You deserve a lot of credit for keeping your previous results well preserved.
@glocke01 Thanks: I am quite picky about that kind of thing. Unfortunately, it doesn't seem to have helped a whole lot in this case...
Tagging: Michael Love
He has not been by for a couple of weeks but he eventually will.
For faster resolution post this on the bioconductor support site for DESeq2 as was suggested earlier.
You are more likely to get a response asking at the BioConductor forum, as DESeq2 authors are very active there. If / when you cross post, apologize for cross-posting, justify you did this following some random dude suggestion, and link to this thread.
But anyway, it is possible something changed inside DESeq2 which would cause this kind of change, I had a similar experience with edgeR versions.
Yes, I believe that they recently modified how the design formulae function, but cannot be sure.
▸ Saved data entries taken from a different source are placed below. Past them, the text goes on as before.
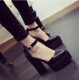 2015春欧美厚底气质百搭黑色尖头高跟女单鞋防水台粗跟一字搭扣
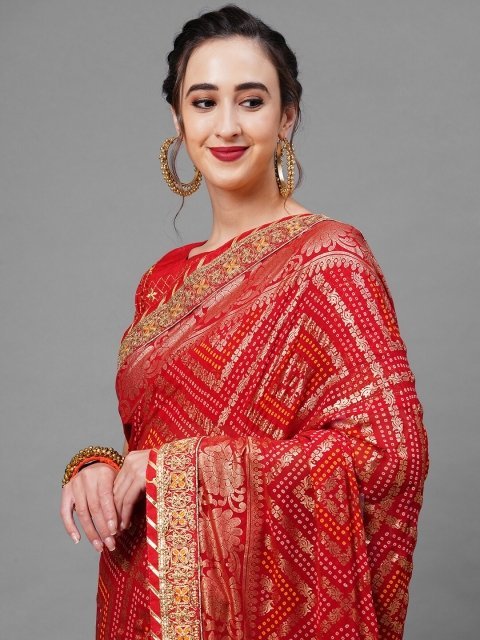 Mitera Red & Gold-Toned Woven Design Bandhani Saree
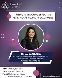 Dr. Saira Osama, Founder & CEO of Cerebrocure Technologies, was invited as a guest lecturer by the Department of Social and Health Care at Mont Rose College, London. She delivered a lecture titled “Using AI in Making Effective Healthcare / Clinical Diagnoses”, where she shared insights on the transformative role of artificial intelligence in healthcare.
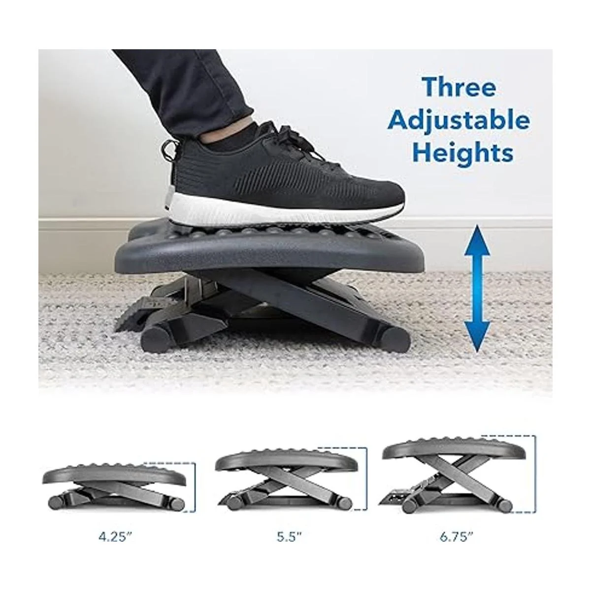 Taburete de altura ajustable: el práctico control de pedal te permite ajustar el reposapiés sin salir de tu silla. Ofrece tres niveles de ajuste de altura 4.3 pulgadas. 5.5 pulgadas. 6.7 pulgadas. que te permite estirar las piernas para una mayor circulación.
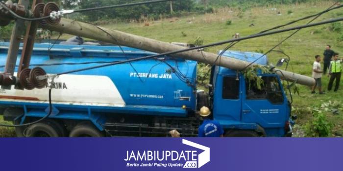 Terlihat mobil tangki menabrak tiang listrik.
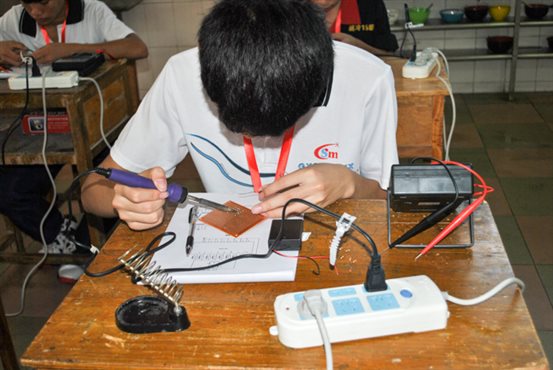 参赛的同学在焊接电路板
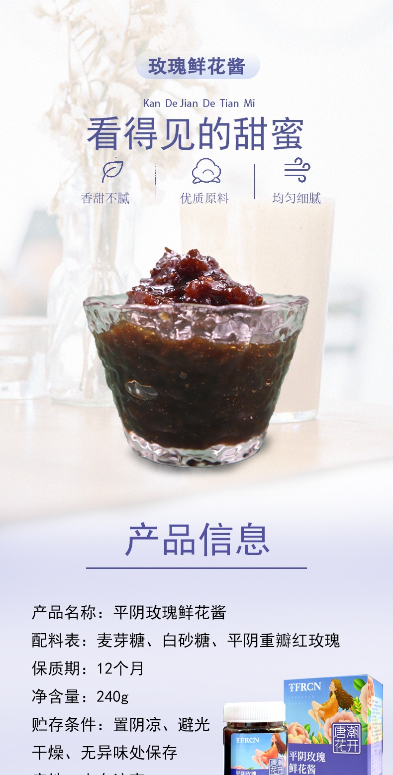 唐潮花開 平陰玫瑰 入口醇香均勻細(xì)膩 玫瑰鮮花醬
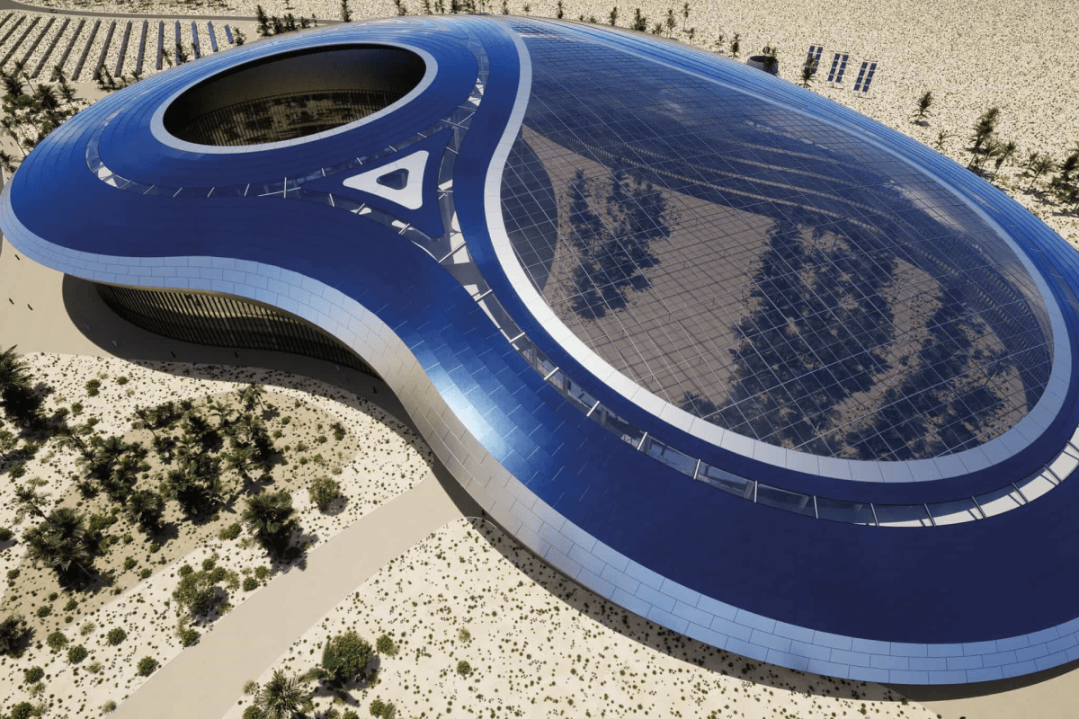 The concept design for the Graphene Fibre KSA Factory draws inspiration from the hexagonal molecular structure of carbon—symbolizing strength, efficiency, and modularity.
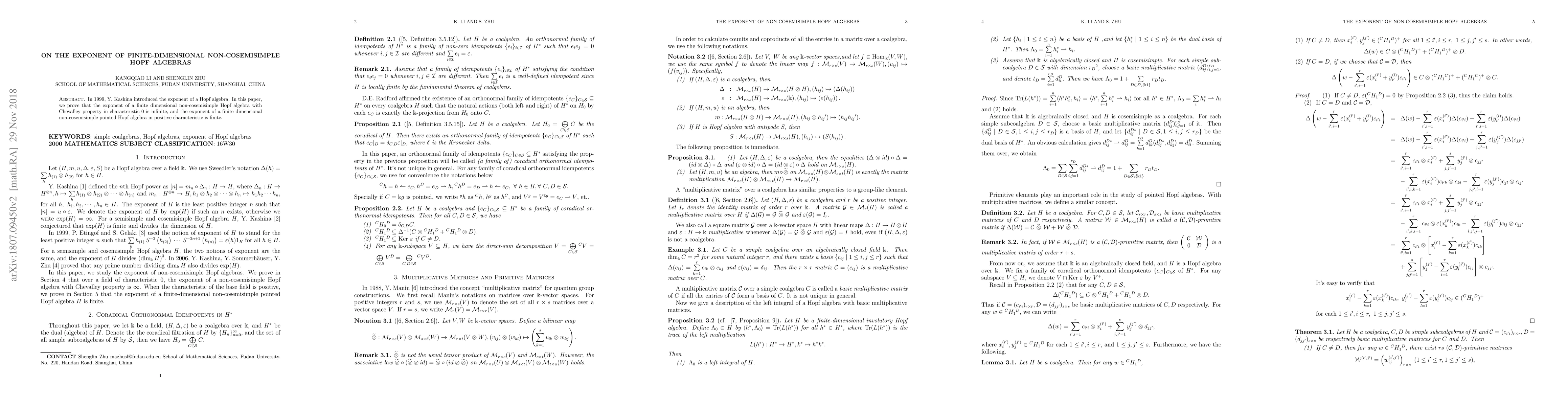 This paper proves that the exponent of a finite-dimensional non-cosemisimple Hopf algebra with Chevalley property in characteristic 0 is infinite, while the exponent of a finite-dimensional non-cosemisimple pointed Hopf algebra in positive characteristic is finite.
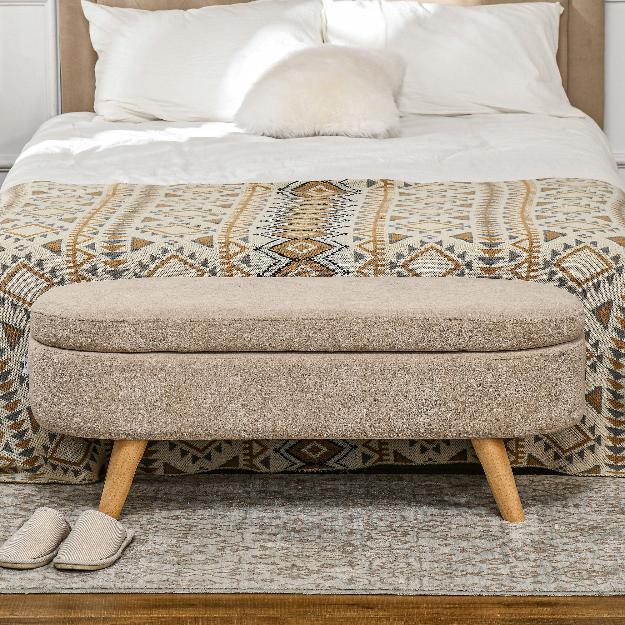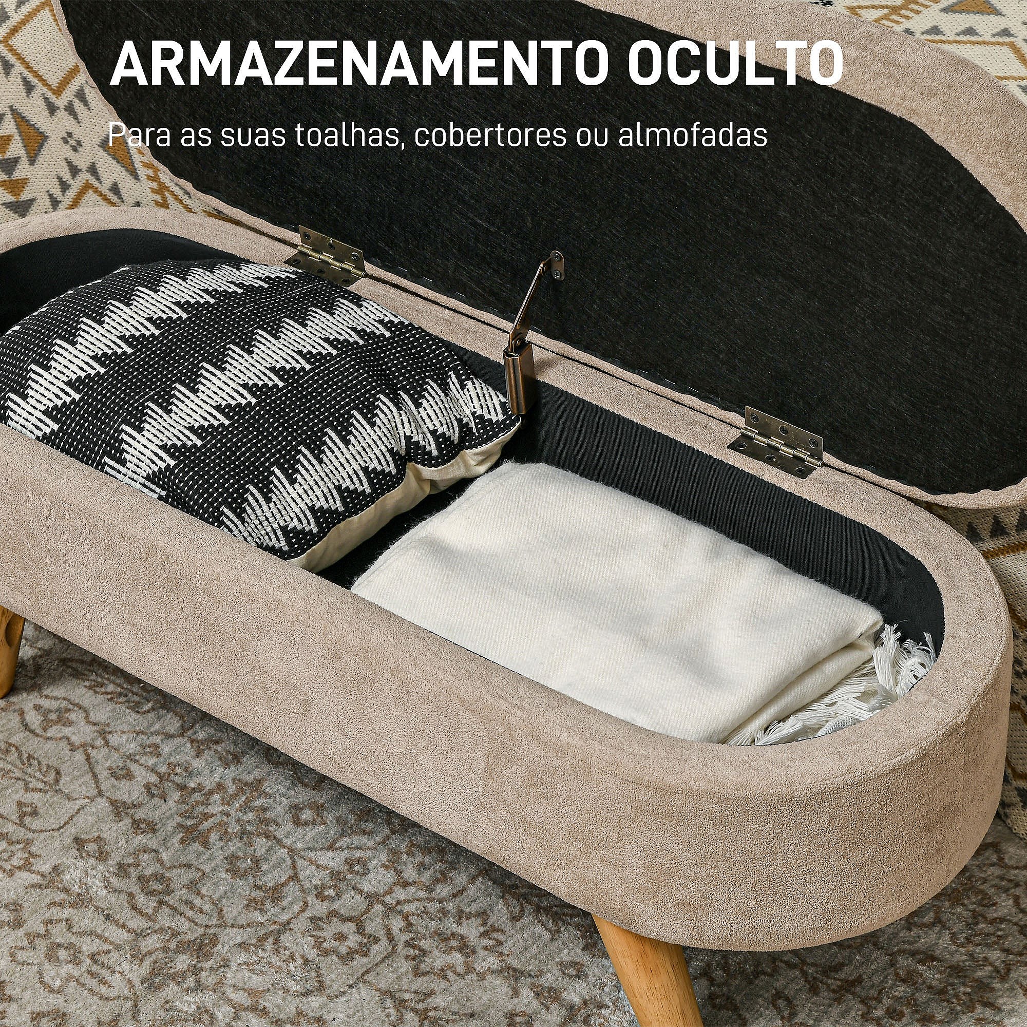 Banco de almacenaje Lavanda Homcom con patas asiento acolchado beige 43x110x40 cm
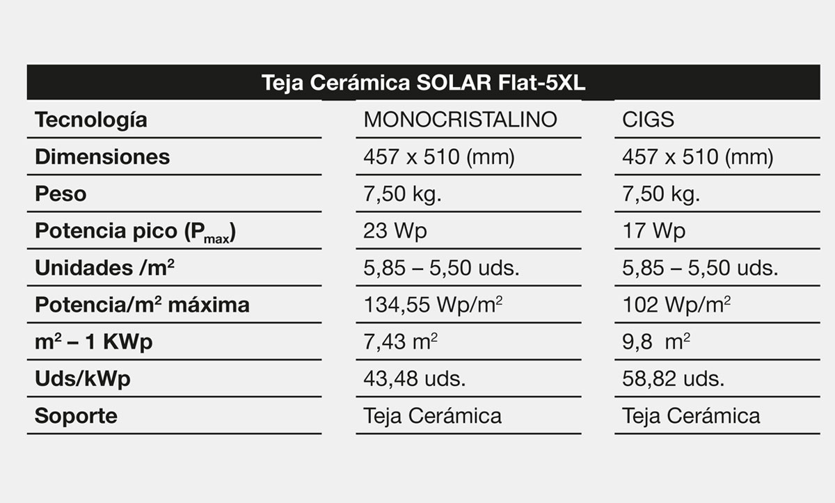 La teja cerámica SOLAR FLAT-5XL se presenta en dos versiones de captación de energía solar, empleando distintas tecnologías de paneles fotovoltaicos, para adaptarse a las necesidades de generación de energía y a la disponibilidad de espacio de cada proyecto: monocristalino y CIGS.

What is your design formula? - what type of data does it include?
@KevinBlighe I can't give all the details as it's essentially someone else's project. But there are "before treatment" and "after treatment" samples from two different treatment groups. The design formula is essentially
~ timepoint + treatment + sampleID.treatment + timepoint:treatment(i.e. I'm interested in the interaction term: I want to know how the treatment affects the before -> after change); thesampleID.treatmentterm is essentially theind.nterm from the section in the vignette "Group-specific condition effects, individuals nested within groups";timepointandtreatmentare both two-level factors.Hey James, I believe that it's the interaction terms that they specifically changed in the 1.14.1 version, but I honestly cannot be certain. I recall requiring an interaction term in a recent study but I noticed the different behaviour of DESeq2 with this in the design model. I then decided to just manually install version 1.10.1 because I was more familiar with that version.
You may want to take a look at these threads on the Bioconductor forum: https://support.bioconductor.org/p/83645/ https://support.bioconductor.org/p/73676/#73694
You may want to look at the list of updates to each version in the NEWS file too: https://github.com/Bioconductor-mirror/DESeq2/blob/master/NEWS
That's really helpful, thanks. I think my next step is to try to recreate an environment with 1.10.1 and make sure I can recreate the previous results with that. (If so, we then have to decide what it means that we get one set of results with one version and a different set with a different version. But at least I have an idea what may be happening now, and a way forward.)
I think the relevant change was to stabilize the estimates of mu_ij that's listed in NEWS between 1.10 and 1.14. This could then have an effect downstream, modifying the dispersion estimates. I always recommend users to not switch versions once they've started an analysis and are wedded in some way to the output, as the software implements a complex and interdependent set of methods.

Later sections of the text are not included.